Jean-Paul Betbeze : Mervin King parle d’or, lui qui n’a pas vu venir la crise bancaire dans ses banques immobilières surendettées à Londres, puis qui a dû soutenir Barclays, Lloyds et RBS (ce qui n’est pas fini), qui a pâti de Lhemann et qui s’inquiète maintenant du Brexit, avec son successeur ! C’est toujours le problème de la taille des banques et de leurs risques, par rapport à leur base nationale de départ, qui se pose. Quand tout va, la banque s’agrandit et fait plus de crédits, domestiques, puis internationaux. Mais quand vient la récession, viennent les pertes qui grignotent vite le capital. Il faudra l’augmenter, sachant que les prêteurs auront déjà été mis à contribution (et bientôt les gros déposants). Alors l’Etat nationalisera souvent la banque, si elle est importante, ou la mariera à une autre, si elle est de moindre taille. Il veut évidemment éviter une panique bancaire, qui pourrait se propager.
Mais la question est évidemment « avant ». Et, « avant », les banques grossissent pour répondre à la demande de crédit et soutenir ainsi la croissance, mais cette demande de crédit s’alimente à la faiblesse des profits des entreprises.
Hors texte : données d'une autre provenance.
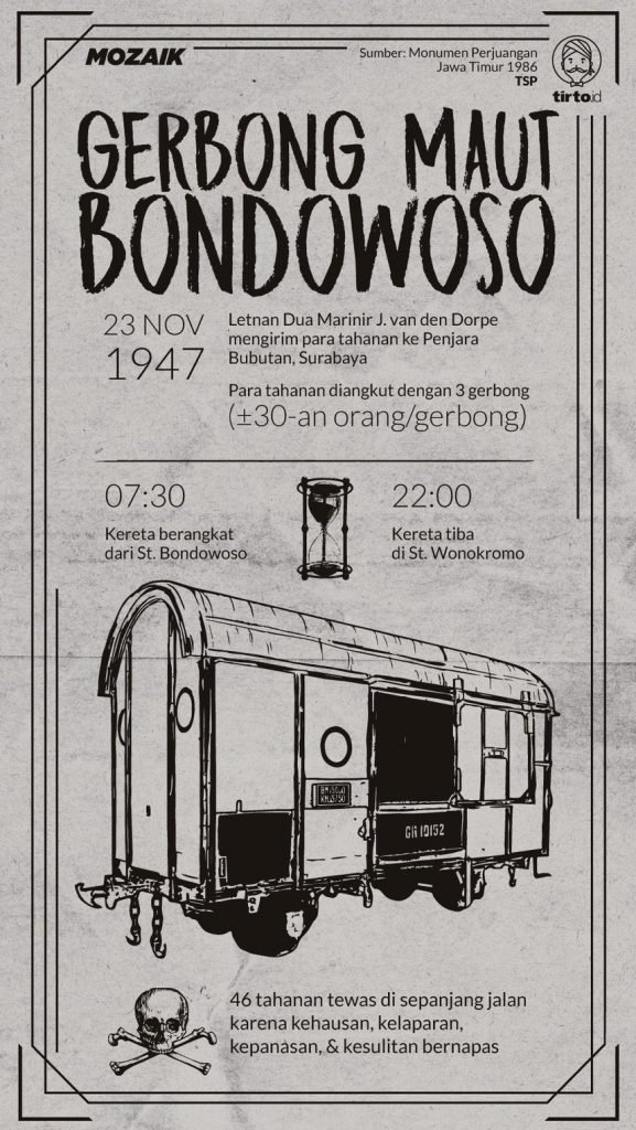 46 pejuang Republik yang ditawan Belanda tewas di dalam gerbong yang pengap. Mereka berangkat dari Bondowoso menuju Surabaya.

Nos élites, en réalité, ont du mal à accepter, et plus encore à dire, qu’une économie qui va bien est celle qui a un taux de profit élevé, puis investit et embauche. La « naïveté » des élites est surtout leur crainte à proférer cette vérité première.
Edouard Husson : C’est une autre façon de dire « privatiser les profits et socialiser les pertes ». L’individualiste forcené redécouvre le groupe et la société quand il est au bord de la catastrophe. Les banques qui avaient causé la catastrophe de 2007-2009, ont été largement renflouées par les Etats au nom de la lutte contre la crise. Ce qui est arrivé à la Grèce est une fable sinistre: les banques ont prêté au pays une partie de la somme qui avait réussi à les sauver elles. Et je ne crois pas que l’on puisse parler de naïveté. Déréguler la finance, autoriser les risques inconsidérés du système bancaire était, de la part des élus politiques un moyen de renvoyer l’ascenseur pour tout le soutien reçu dans leur ascension vers le pouvoir. Regardez d’ailleurs l’évolution ultérieure de toute une génération de politiques: Schröder ou Blair sont devenus les consultants de grandes entreprises ou de fonds d’investissement. Quand il était président, Sarkozy rêvait à haute voix de la vie d’après, celle où il gagnerait beaucoup d’argent.